──────── SUPPLIED MATERIAL

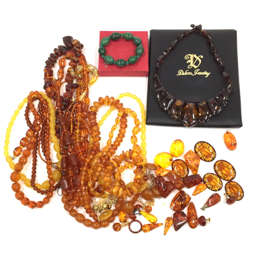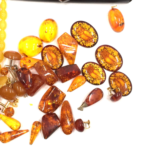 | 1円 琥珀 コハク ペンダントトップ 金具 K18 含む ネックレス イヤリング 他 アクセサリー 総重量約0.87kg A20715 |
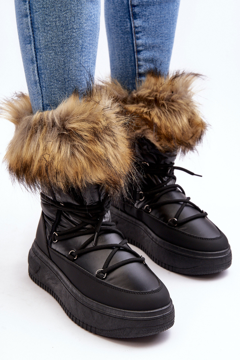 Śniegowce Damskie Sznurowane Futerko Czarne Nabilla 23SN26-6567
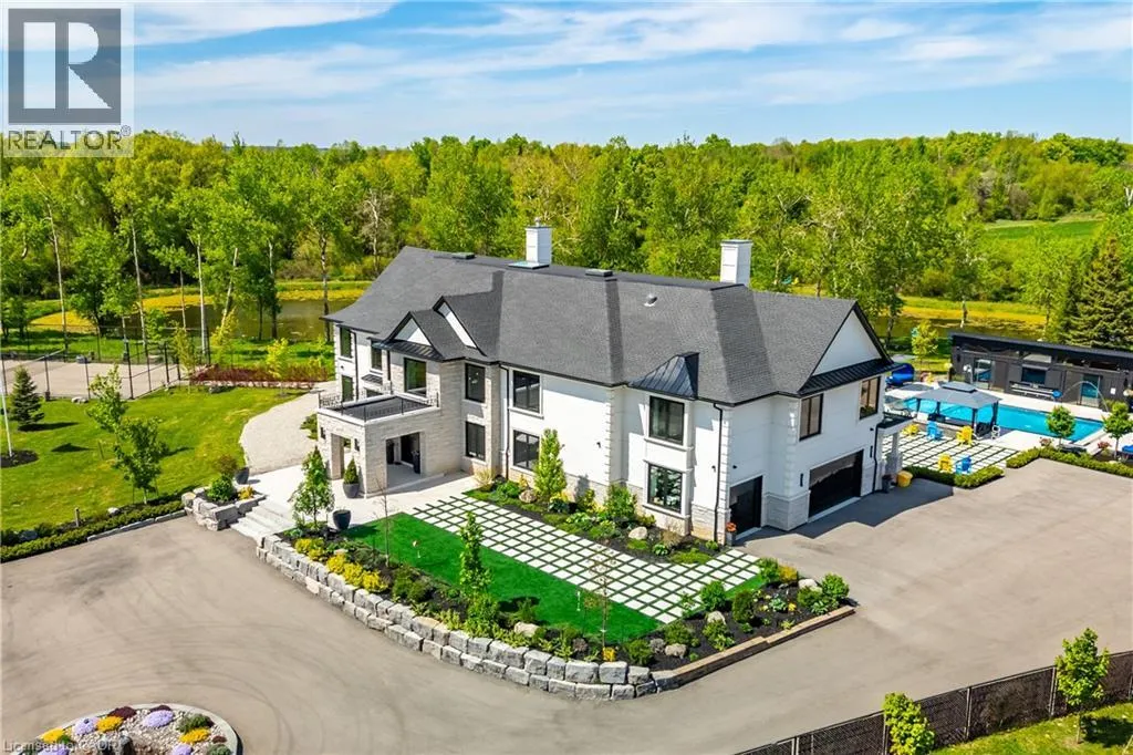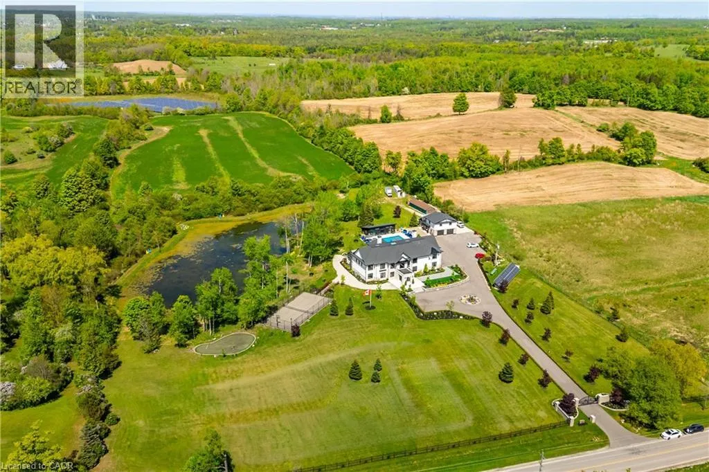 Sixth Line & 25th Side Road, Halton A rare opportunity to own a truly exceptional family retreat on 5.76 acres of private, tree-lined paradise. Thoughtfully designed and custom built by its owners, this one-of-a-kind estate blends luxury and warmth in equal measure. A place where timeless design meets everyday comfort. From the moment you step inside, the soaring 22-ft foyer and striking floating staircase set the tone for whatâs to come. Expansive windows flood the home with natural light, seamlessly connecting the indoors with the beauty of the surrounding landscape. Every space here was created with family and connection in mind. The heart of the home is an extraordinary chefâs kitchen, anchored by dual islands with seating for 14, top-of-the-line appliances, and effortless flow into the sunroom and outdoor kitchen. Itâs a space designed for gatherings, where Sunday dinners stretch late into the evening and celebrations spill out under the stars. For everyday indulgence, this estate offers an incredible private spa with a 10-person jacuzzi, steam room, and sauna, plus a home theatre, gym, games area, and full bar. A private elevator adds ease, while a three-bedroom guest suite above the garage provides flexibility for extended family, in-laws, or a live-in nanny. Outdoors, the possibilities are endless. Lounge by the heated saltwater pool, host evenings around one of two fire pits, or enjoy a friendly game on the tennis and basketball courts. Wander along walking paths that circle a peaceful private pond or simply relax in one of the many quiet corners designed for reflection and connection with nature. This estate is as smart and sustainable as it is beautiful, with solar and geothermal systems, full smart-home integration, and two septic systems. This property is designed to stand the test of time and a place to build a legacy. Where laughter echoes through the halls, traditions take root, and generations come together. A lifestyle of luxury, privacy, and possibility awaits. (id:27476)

────────────────

> [EXERCISE]:
All the lines above should be reproduced exactly, and none of the pictures.

> [WORKED SOLUTION]:
 | 1円 琥珀 コハク ペンダントトップ 金具 K18 含む ネックレス イヤリング 他 アクセサリー 総重量約0.87kg A20715 |
 Śniegowce Damskie Sznurowane Futerko Czarne Nabilla 23SN26-6567
 Sixth Line & 25th Side Road, Halton A rare opportunity to own a truly exceptional family retreat on 5.76 acres of private, tree-lined paradise. Thoughtfully designed and custom built by its owners, this one-of-a-kind estate blends luxury and warmth in equal measure. A place where timeless design meets everyday comfort. From the moment you step inside, the soaring 22-ft foyer and striking floating staircase set the tone for whatâs to come. Expansive windows flood the home with natural light, seamlessly connecting the indoors with the beauty of the surrounding landscape. Every space here was created with family and connection in mind. The heart of the home is an extraordinary chefâs kitchen, anchored by dual islands with seating for 14, top-of-the-line appliances, and effortless flow into the sunroom and outdoor kitchen. Itâs a space designed for gatherings, where Sunday dinners stretch late into the evening and celebrations spill out under the stars. For everyday indulgence, this estate offers an incredible private spa with a 10-person jacuzzi, steam room, and sauna, plus a home theatre, gym, games area, and full bar. A private elevator adds ease, while a three-bedroom guest suite above the garage provides flexibility for extended family, in-laws, or a live-in nanny. Outdoors, the possibilities are endless. Lounge by the heated saltwater pool, host evenings around one of two fire pits, or enjoy a friendly game on the tennis and basketball courts. Wander along walking paths that circle a peaceful private pond or simply relax in one of the many quiet corners designed for reflection and connection with nature. This estate is as smart and sustainable as it is beautiful, with solar and geothermal systems, full smart-home integration, and two septic systems. This property is designed to stand the test of time and a place to build a legacy. Where laughter echoes through the halls, traditions take root, and generations come together. A lifestyle of luxury, privacy, and possibility awaits. (id:27476)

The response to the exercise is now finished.